Statement on the Treat Physicians Fairly Act
August 2, 2007
Madame Speaker, I rise today to introduce the Treat Physicians Fairly Act, legislation providing tax credits to physicians to compensate for the costs of providing uncompensated care. This legislation helps compensate medical professionals for the costs imposed on them by federal laws forcing doctors to provide uncompensated medical care. The legislation also provides a tax deduction for hospitals who incur costs related to providing uncompensated care.
Under the Emergency Medical Treatment and Active Labor Act (EMTALA) physicians who work in emergency rooms, as well as the hospitals, are required to provide care without seeking compensation to anyone who comes into an emergency room. Thus, EMTLA forces medical professionals and hospitals to bear the entire cost of caring for the indigent. According to the June 2/9, 2003 edition of AM News, emergency physicians lose an average of $138,000 per year because of EMTLA. EMTALA also forces physicians and hospitals to follow costly rules and regulations, and can be fined $50,000 for failure to be in technical compliance with EMTALA!
Forcing physicians to offer their services without providing any form of compensation is a blatant violation of the takings clause of the Fifth Amendment. After all, the professional skills with which one’s earns a living are a form of property. Therefore, legislation, such as EMTALA, which forces individuals to use their professional skills without compensation is a taking of private property. Regardless of whether the federal government has the constitutional authority to establish programs providing free-or-reduced health care for the indignant, the clear language of the takings clause prevents Congress from placing the entire burden of these programs on the medical profession.

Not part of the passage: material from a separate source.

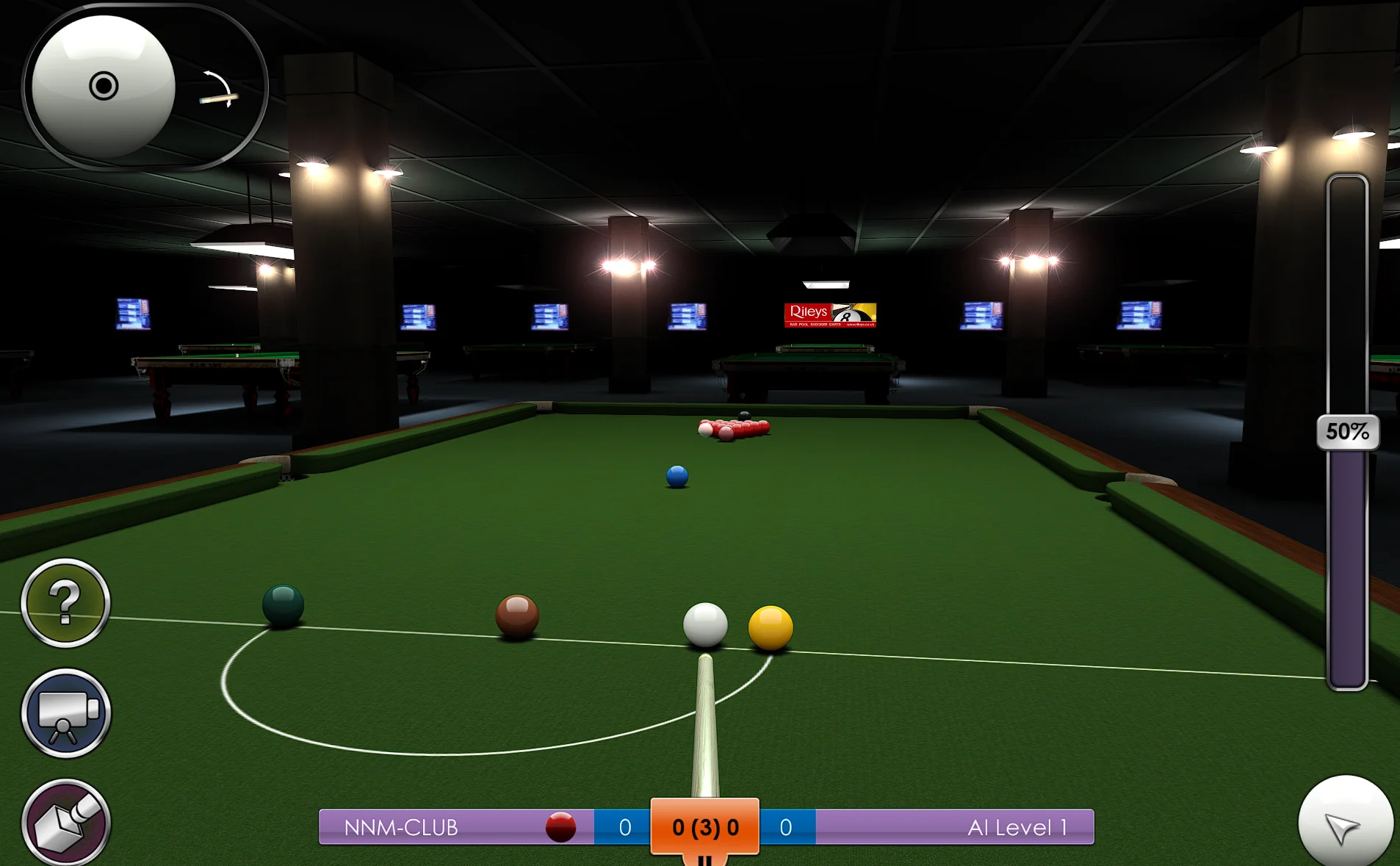 - Включает в себя три режима: UK 8-Ball, США 8-Ball и США 9-Ball;

Ironically, the perceived need to force doctors to provide medical care is itself the result of prior government interventions into the health care market. When I began practicing, it was common for doctors to provide uncompensated care as a matter of charity. However, government laws and regulations inflating the cost of medical services and imposing unreasonable liability standards on medical professionals even when they where acting in a volunteer capacity made offering free care cost prohibitive. At the same time, the increase health care costs associated with the government-facilitated over-reliance in third party payments priced more and more people out of the health care market. Thus, the government responded to problems created by their interventions by imposing EMTALA mandate on physicians, in effect making the health care profession scapegoats for the unintended consequences of failed government health care polices.
EMTALA itself is having unintended consequences that could result in less care availability for low-income Americans at emergency rooms. This is because EMTALA provides a disincentive for physicians form offering any emergency care. Many physicians have told me in my district that they are considering curtail their practices, in part because of the costs associated with the EMTALA mandates. Many other physicians are even counseling younger people against entering the medical profession because of the way the federal government treats medical professionals! The tax credit of the Treat Physicians Fairly Act will help mitigate some of these unintended consequences.
The Treat Physicians Fairly Act does not remove any of EMTALA’s mandates; it simply provides that physicians can receive a tax credit for the costs of providing uncompensated care. This is a small step toward resorting fairness to the physicians. Furthermore, by providing some compensation in the form of tax credits, the Treat Physicians Fairly Act helps remove the dincentives to remaining active in the medical profession built into the current EMTALA law. I hope my colleagues will take the first step toward removing the unconstitutional burden of providing uncompensated care by cosponsoring the Treat Physicians Fairly Act.